Les « preuves » issues du paranormal étaient suffisamment détaillées pour aider la commission à mieux comprendre cette catastrophe et à établir avec certitude les responsabilités.

Mais, peut-être ne tenait-on pas justement à ce que toute la lumière soit faite.

D’une certaine manière, peut importe comment Price et Villiers ont obtenu les détails de la tragédie. Ce qui est important c’est que l’on aurait pu juger les responsables. Or, la commission n’a rendu aucune conclusion incriminant qui que ce soit.
« Le dirigeable n’aurait pas dû entreprendre ce vol ». C’est plutôt vague. Les conclusions de cette commission sont pleines de réserves et d’incertitudes.
On sait à l’époque qu’il y a trop d’intérêts en jeu et trop de réputations à préserver.

Les messages reçus de « l’esprit » du capitaine Irwin donnent des informations étonnantes. Mais, peut-on vraiment les considérer comme des messages venus de l’au-delà ?

Il y a-t-il eu fraude de la part d’Eileen Garret, le médium ? Bien sûr, on peut s’étonner qu’une femme, surtout à l’époque, ait de telles connaissances en aéronautique.
Il y a-t-il alors complicité avec Harry Price ? Lui non plus n’était pas spécialiste en mécanique aéronautique ou en pilotage de dirigeable.

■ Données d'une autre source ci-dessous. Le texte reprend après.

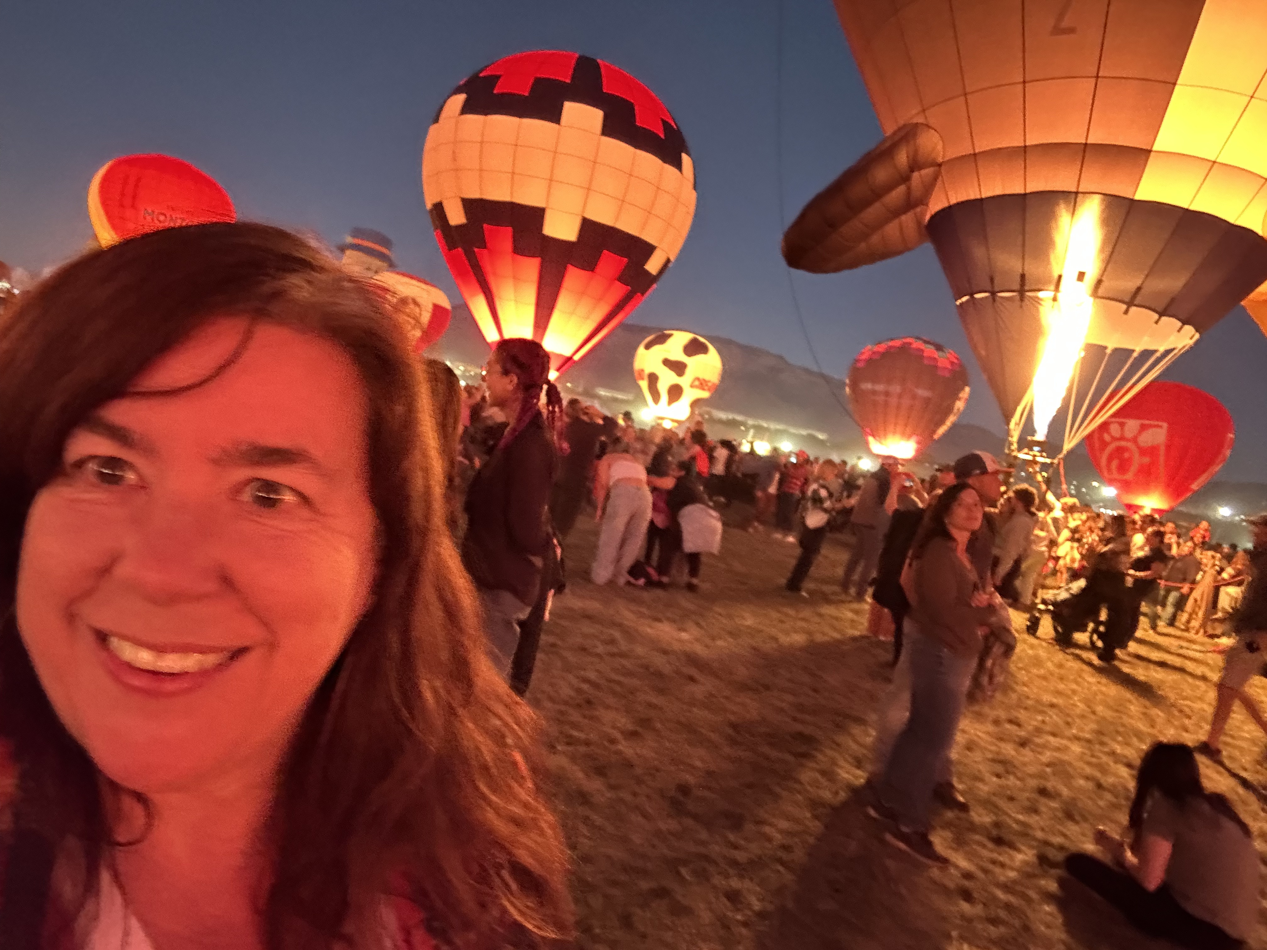 But wait – there’s more. After wolfing down the doggie bag of shrimp tacos from the night before, I jumped on a shuttle to head to the field of balloons. The hotel had arranged a “party limo” to take folks throughout the day and I found myself riding with two lawyers from Forest Hills, Queens. “Oh, I go to Forest Hills a lot,” I shared, because my friend Angela lives in the building abutting the concert stadium and gets a lot of free tickets. Turns out they also live in that complex and also go to a lot of concerts, but their absolute most favorite concert of all time – James Taylor. “Funny you should say that,” I said…..Where ever I go, JT brings people together.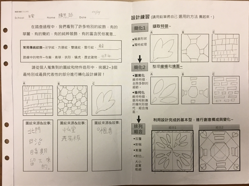 在正式彩繪在立體的「小感動鼠」之前,老師先引導學生把出去調查時記錄的圖案,練習做簡化、解構,然後再用重複、對稱的原則來重組排列,會變成……哇!古蹟上面的圖紋、楓香葉的圖案居然可以變化如萬花筒的效果!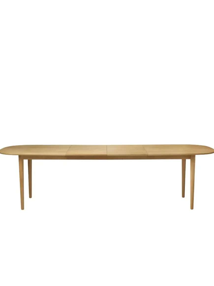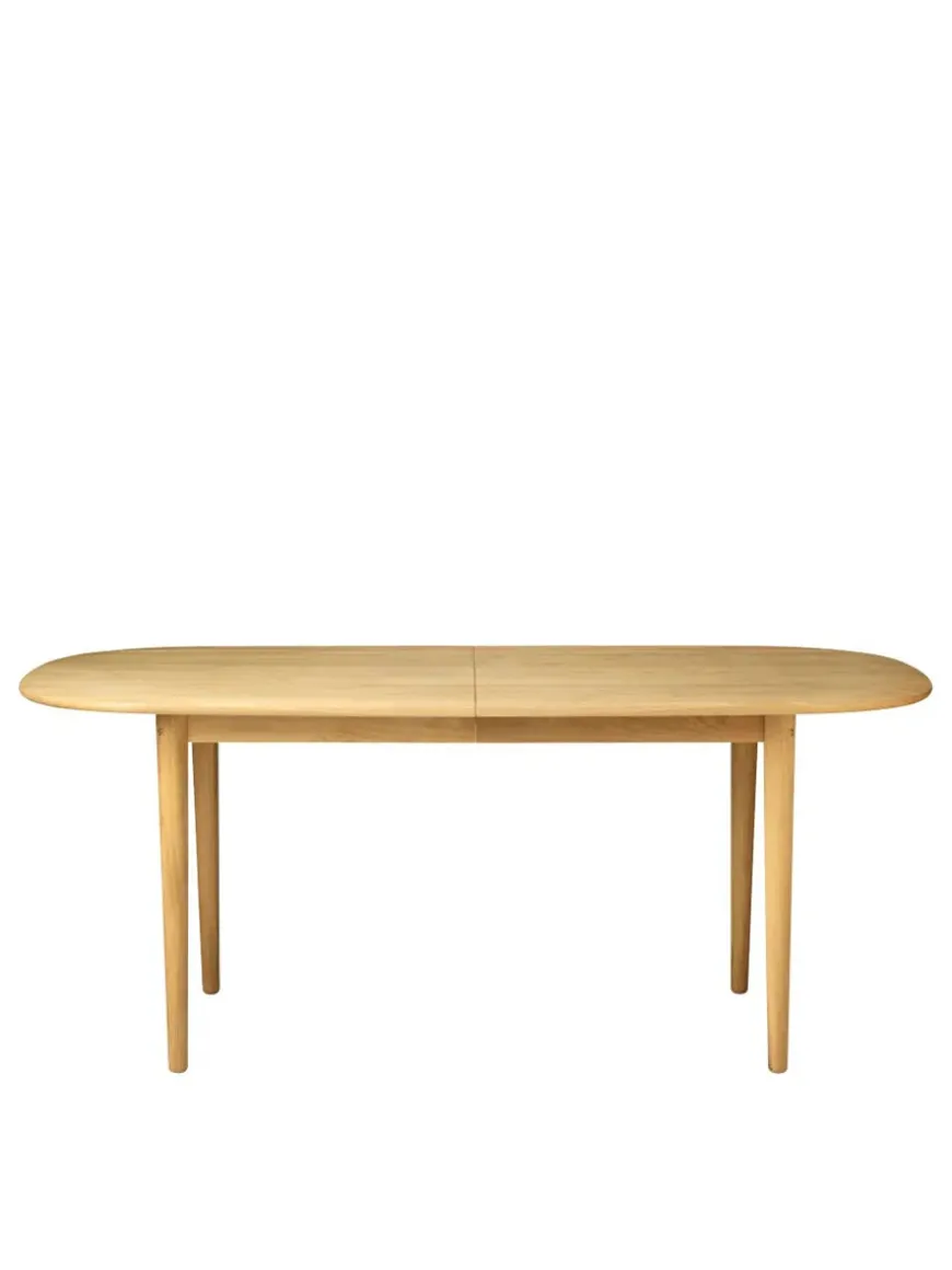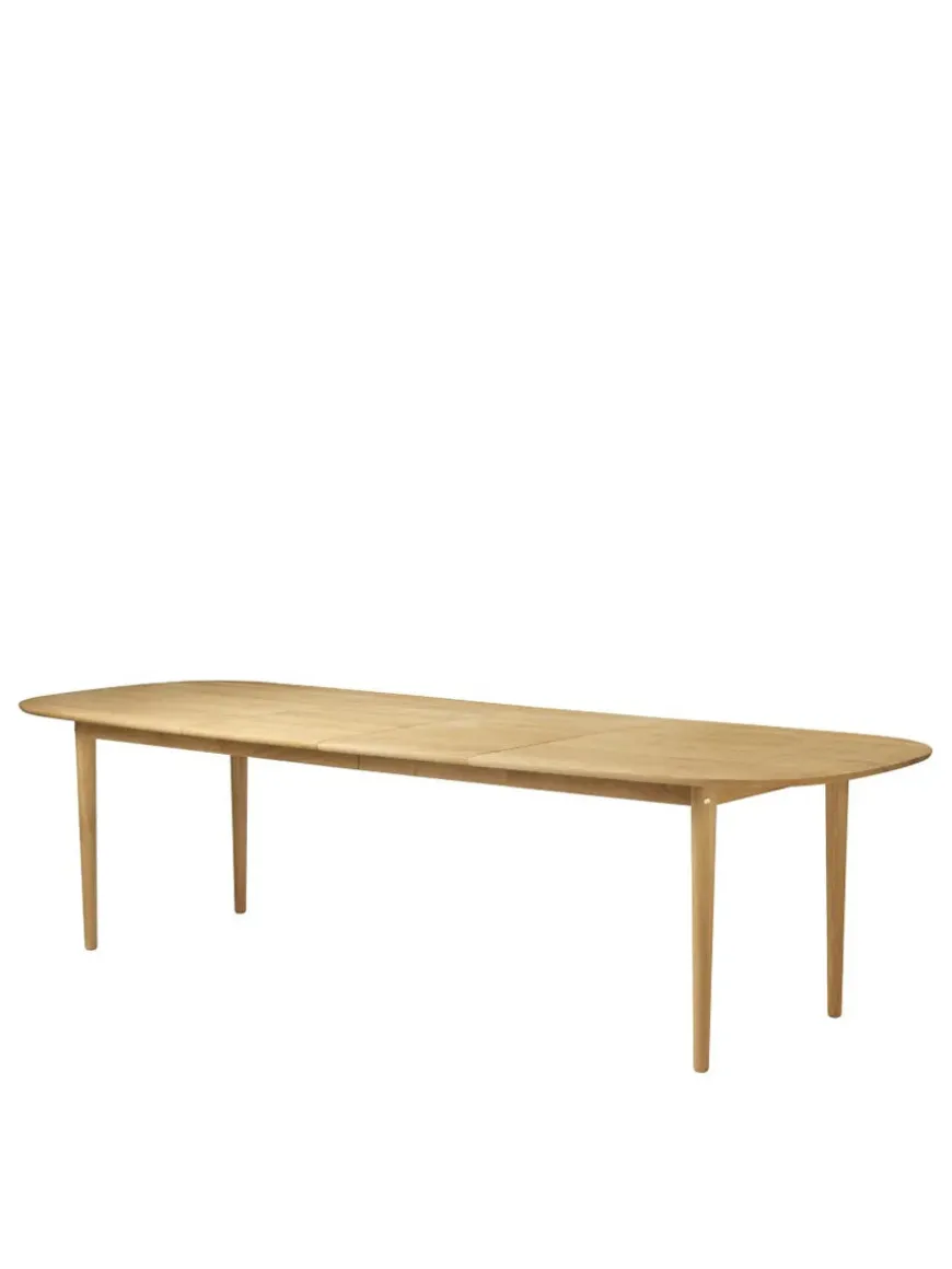 Klassisk, enkelt og tidløst spisebord fra FDB Møbler. C63E bordet er designet af den skandinaviske designduo, Unit10. Spisebordet kommer med to tillægsplader i massivt træ, der forlænger bordet med op til 1 meter. Hver af de to tillægsplader tilføjer 50 cm til bordets længde.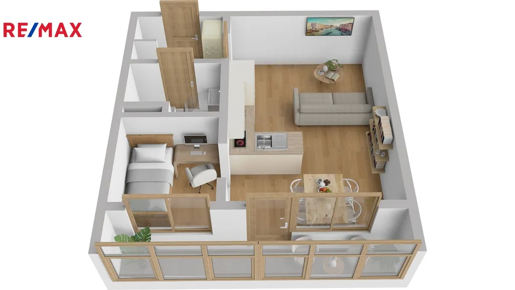 Ve výhradním zastoupení společnosti RE/MAX Future nabízíme k pronájmu velmi pěkný byt o dispozici 1+1 se zasklenou lodžií, který se nachází ve čtvrtém nadzemním podlaží bytového panelového domu s výtahem v ulici Ječná v Hradci Králové. Bytová jednotka o celkové ploše 42 m2 (včetně sklepa a lodžie) a užitné ploše 34 m2 je částečně vybavená. Větší z pokojů je vybaven kuchyňskou linkou s dvouplotýnkovou indukční deskou, mikrovlnnou troubou a digestoří. V menším pokoji instalovány police a závěsné skříňky. Byt je vybaven dále novou lednicí a pračkou. Na podlaze v pokojích je nová vinylová podlaha. Koupelna se sprchovým koutem, toaletou a umyvadlem s koupelnovou skříňkou má zděné jádro. V zádveří je botník a menší odkládací prostor na oblečení. Okna bytové jednotky jsou vybavena žaluziemi a lodžie stínícími roletami. Zasklená lodžie o výměře 6 m2 poskytuje možnost posezení a uložení sezónních věcí. K dispozici sklepní kóje a prostorná kolárna, pozemek za bytovým domem je oplocen.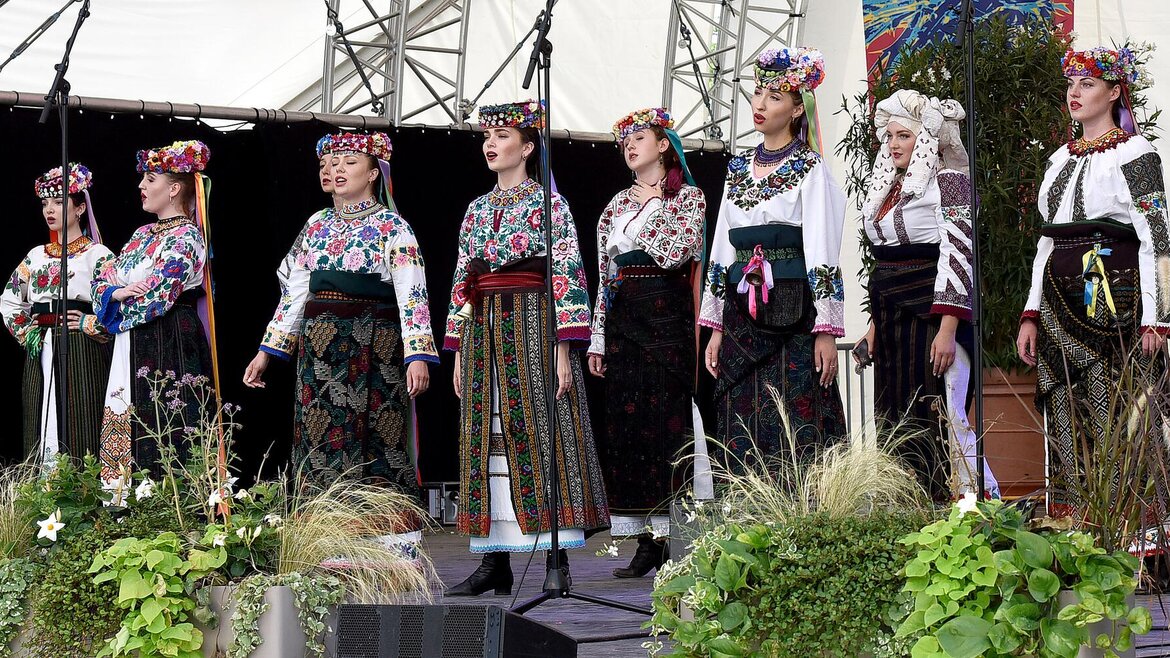 Auf der Hauptbühne im Spinelli-Park begeisterte das Theaterstudio „GERDAN“ aus Czernowitz die Zuschauer mit ukrainischem Folkloregesang.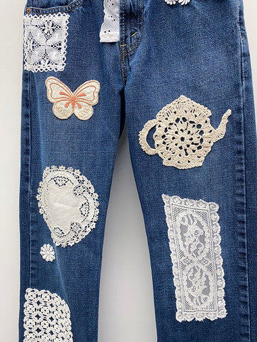 Recycled denim jeans adorned with vintage doilies, lace, and appliqués. Each are one of a kind.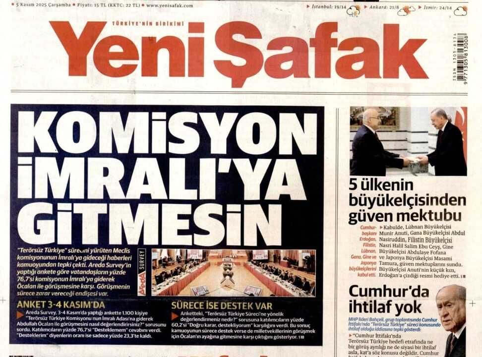 Yeni Şafak Gazetesinin, "Komisyon İmralı'ya Gitmesin" şeklindeki manşetinin ayrıntıları şöyle;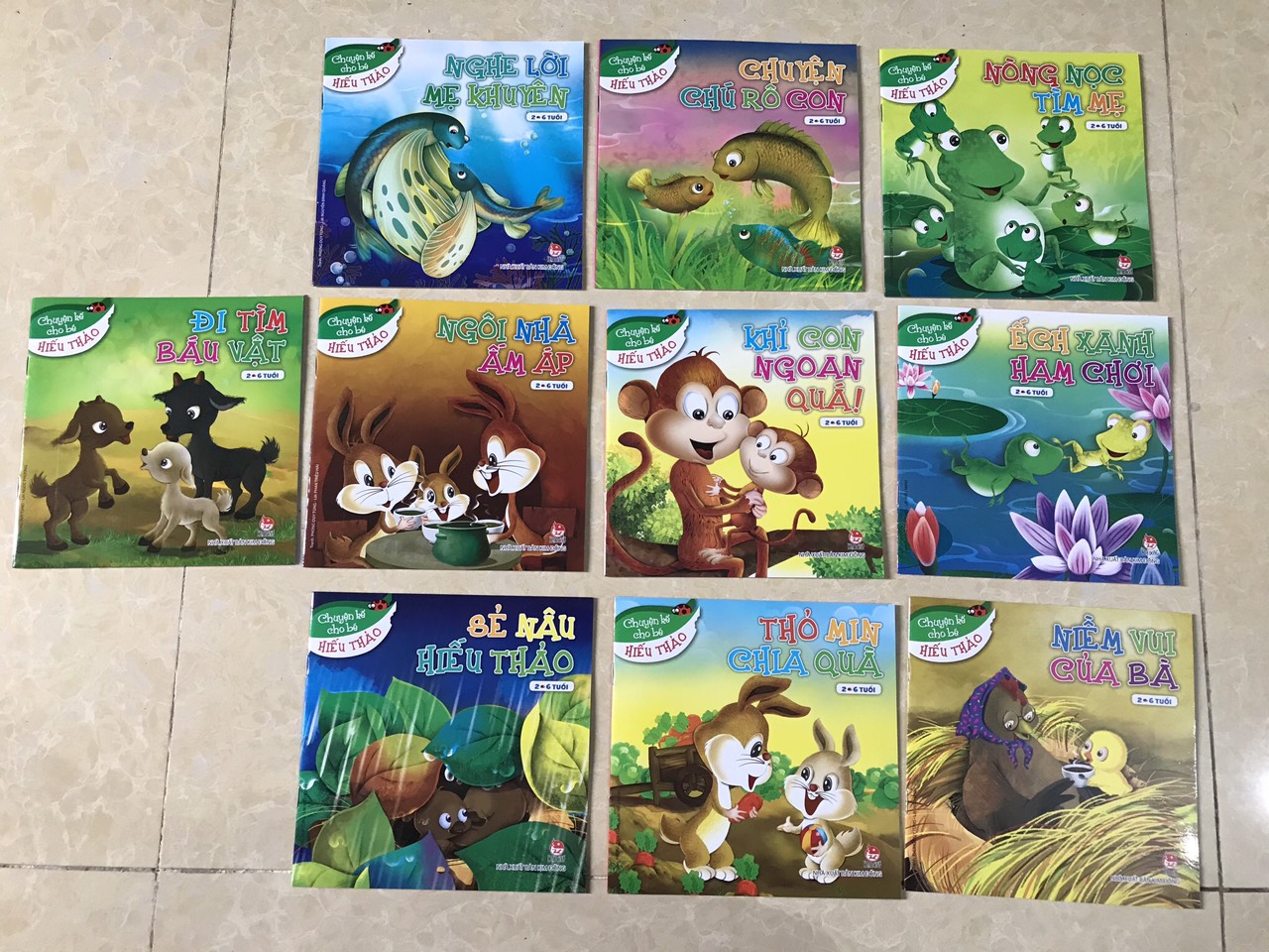 2. Giai đoạn 1-3 tuổi: trẻ đã có thể nghe nhìn, hóng, thị lực tốt hơn, bước đầu hình thành tính cách, khả năng tập trung tốt hơn thì những câu chuyện nhỏ, kéo dài 2-4 trang dần phù hợp hơn. KĨ NĂNG GIAO TIẾP DÀNH CHO BÉ 2-6 TUỔI và CHUYỆN KỂ CHO BÉ HIẾU THẢO là 2 bộ sách mình muốn giới thiệu: mỗi cuốn đề cập tới một kĩ năng – đức tính tốt gồm 3-4 câu chuyện nhỏ, mỗi câu chuyện chỉ dài 2-4 trang vừa phải, nhẹ nhàng như tia nắng sớm mai soi rọi những tâm hồn non trẻ. Một điểm cộng ở 2 bộ sách này là mỗi câu chuyện sẽ xoay quanh 1 bạn là nhân vật chính: anh Gấu an ủi, bạn Chuột nói dối, bạn Lợn biết nói lời chúc, … mà bố mẹ sẽ dễ dàng gợi nhớ câu chuyện với bé trong những buổi nói chuyện hàng ngày.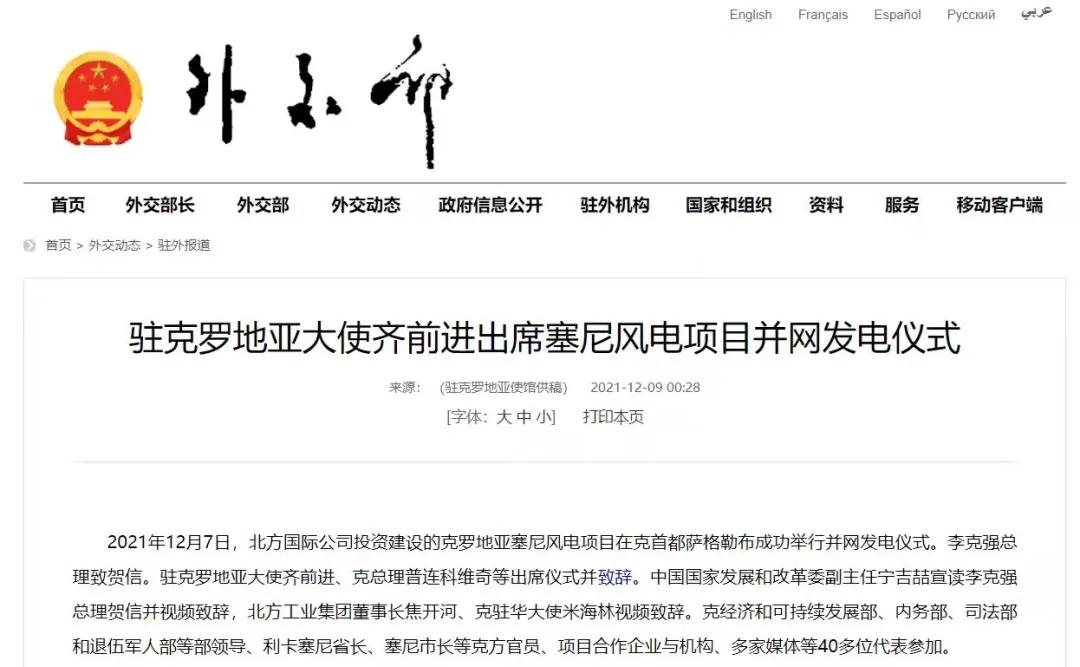 2021年12月7日,中國兵器工業(yè)集團有限公司北方公司所屬北方國際投資、建設(shè)和運營的塞尼156MW風(fēng)電項目在克羅地亞首都薩格勒布隆重舉行并網(wǎng)發(fā)電儀式。李克強總理致賀信。克羅地亞總理安德烈·普連科維奇,中國駐克羅地亞大使齊前進出席儀式并致辭。中國國家發(fā)展和改革委員會副主任寧吉喆宣讀李克強總理賀信并視頻致辭,中國兵器工業(yè)集團有限公司董事長焦開河、克駐華大使米海林視頻致辭。 中華人民共和國外交部報道 普連科維奇總理在致辭中表示,感謝李克強總理發(fā)來賀信,他與中國領(lǐng)導(dǎo)人一直非常重視塞尼風(fēng)電項目投資與建設(shè)。祝賀項目克服疫情與地震等影響,成功并網(wǎng)發(fā)電。增加清潔可再生能源、綠色電力對克乃至歐洲都很重要,克政府的重要戰(zhàn)略和目標之一就是低碳發(fā)展和增加清潔能源供應(yīng)。塞尼風(fēng)電項目占克總發(fā)電量將達3.5%,對克實現(xiàn)2022年可再生能源比例30%目標具有很大幫助。此次投資使北方國際成為在克最大的清潔能源投資企業(yè)。非常歡迎更多中國企業(yè)擴大對克投資。 寧吉喆宣讀李克強總理賀信并視頻致辭時表示,2017年11月第六次中國—中東歐國家領(lǐng)導(dǎo)人會晤期間,在李克強總理和普連科維奇總理等中東歐16國領(lǐng)導(dǎo)人的共同見證下,塞尼項目簽署了協(xié)議。項目既是中國堅定踐行綠色發(fā)展理念的具體體現(xiàn),也是中國深化與克羅地亞、與中東歐國家務(wù)實合作的生動實踐。希望中克兩國政府部門,企業(yè)等有關(guān)各方共同努力、相互配合,運營好塞尼項目,打造出中歐綠色合作的樣板,帶動兩國務(wù)實合作持續(xù)深入發(fā)展,造福兩國人民。 焦開河在致辭時表示,在塞尼項目投入運營之際,李克強總理專門致信祝賀。作為塞尼項目的投資方、建設(shè)方、運營方,我們備受鼓舞,深感自豪!未來,中國兵器工業(yè)集團有限公司將繼續(xù)深入貫徹落實習(xí)近平總書記重要指示批示精神和李克強總理賀信重要要求,以高標準、可持續(xù)、惠民生為目標,與克方合作伙伴坦誠溝通、攜手并進,進一步推動綠色能源建設(shè),努力打造更多的“一帶一路”標志性、引領(lǐng)性、示范性項目,為鞏固中克戰(zhàn)略合作伙伴關(guān)系、推進中克從經(jīng)貿(mào)領(lǐng)域到全方位合作貢獻積極力量。 齊前進祝賀塞尼風(fēng)電項目順利完工和成功并網(wǎng)發(fā)電。他表示,塞尼風(fēng)電站項目并網(wǎng)發(fā)電是中克兩國領(lǐng)導(dǎo)人親自關(guān)注和推動的成果。作為迄今最大的中國在克投資合作項目,塞尼風(fēng)電項目是中克和中歐綠色合作的典范,對克提高清潔能源生產(chǎn)消費發(fā)揮著重要作用。項目建設(shè)過程中為當?shù)嘏囵B(yǎng)了許多工程、技術(shù)和管理人才,帶動了當?shù)仄髽I(yè)發(fā)展,增加了就業(yè)和稅收,促進了當?shù)亟?jīng)濟社會發(fā)展,充分體現(xiàn)了中國對外經(jīng)貿(mào)合作與“一帶一路”倡議秉持的互利共贏、共同發(fā)展的理念,也是中國積極倡導(dǎo)的綠色低碳發(fā)展合作的典范。 塞尼項目位于克羅地亞中部亞得利亞海沿岸,建設(shè)總投資1.79億歐元,總裝機容量156MW,采用39臺4MW風(fēng)力發(fā)電機組設(shè)備,風(fēng)場面積達42.8平方公里。項目正式運營后,預(yù)計每年平均發(fā)電超3000小時,貢獻約5.3億度綠色電力,可減少二氧化碳排放約46萬噸,將為克羅地亞促進能源轉(zhuǎn)型、發(fā)展綠色經(jīng)濟提供強勁助力,貢獻了“中國智慧”“中國方案”。 來源/中華人民共和國外交部、綜合有關(guān)報道 |

Et comment auraient-il pu connaître certains détails que seul Irwin connaissait ? Par exemple, le médium a donné une information sur l’incapacité de l’engin à atteindre sa vitesse et son altitude de croisière. « La structure était entièrement imbibée d’eau et le nez de l’appareil pointait vers le bas ».

Enquête sur l’affaire du R 101

Il y a eut une littérature abondante sur cette tragédie et surtout les phénomènes paranormaux s’y rattachant.
Certains ont prétendu que ces messages pouvaient être le fruit de perceptions télépathiques.

Il faut également souligner que la transcription des « messages » d’Irwin a été déclarée conforme aux rapports écrits par le capitaine.
Seulement l’ingénieur qui a fait cette déclaration était un spirite convaincu et non un véritable expert ce qui rend ses conclusions plus douteuses.

Les restes calcinés du R 101 ( © Syndication International)

Au cours des années 60, deux experts, des vrais cette fois, accepteront de se pencher sur cette histoire. Il s’agit du commandant Booth, un des pilotes du R 100 (le rival heureux du R 101), et le commandant Cave-Brown-Cave, associé de près à la construction du R 101.

Les conclusions des deux hommes sont formelles : ces messages ne peuvent en aucune manière provenir d’Irwin.

Pourquoi ?

Booth fait remarquer plusieurs incohérences :

L’ »esprit » d’Irwin remet en cause le dispositif de régulation des gaz, qui lui aurait indiqué qu’il y avait des fuites. Or, il n’existait rien de tel à bord du R 101

Les dispositions d’esprit des officiers du R 101 avant le départ. Comment des navigateurs de cette valeur auraient accepté de prendre le départ en sachant que l’appareil n’était qu’une mauvaise ferraille, mettant ainsi en péril la vie de leurs passagers ?

« Irwin » parle de s’amarrer au Bourget. A l’époque, il n’existait que quatre aéroports pouvant accueillir un dirigeable de cette importance. Le Bourget n’en faisait pas partie.

Il existe de nombreuses autres incohérences.

On pourrait également faire remarquer que ce médium s’intéressait beaucoup aux accidents d’avion. 10 jours avant le drame, elle avait eu la vision d’une catastrophe imminente.
Au cours des mois qui ont précédé le drame, la presse a abondamment commenté tous les détails de l’opération, en donnant de nombreuses informations techniques.
Tout cela a très bien pu s’imprimer dans l’inconscient du médium.

On peut donc se demander si ces « messages » ne proviennent pas en réalité du subconscient d’Eileen Garret.

Le mystère de la tragédie du R 101 n’a jamais été vraiment résolu et les manifestations paranormales n’ont fait que brouiller les pistes.

Même si la participation d’un « esprit » peut laisser sceptique, une chose est certaine : il s’est bien passé quelque chose et des responsabilités n’ont pas été établies.

V.Battaglia (12.05.2006)

Références bibliographiques

Inexpliqué, p. 434 à 437 ; 454 à 457 ; 470 à 471.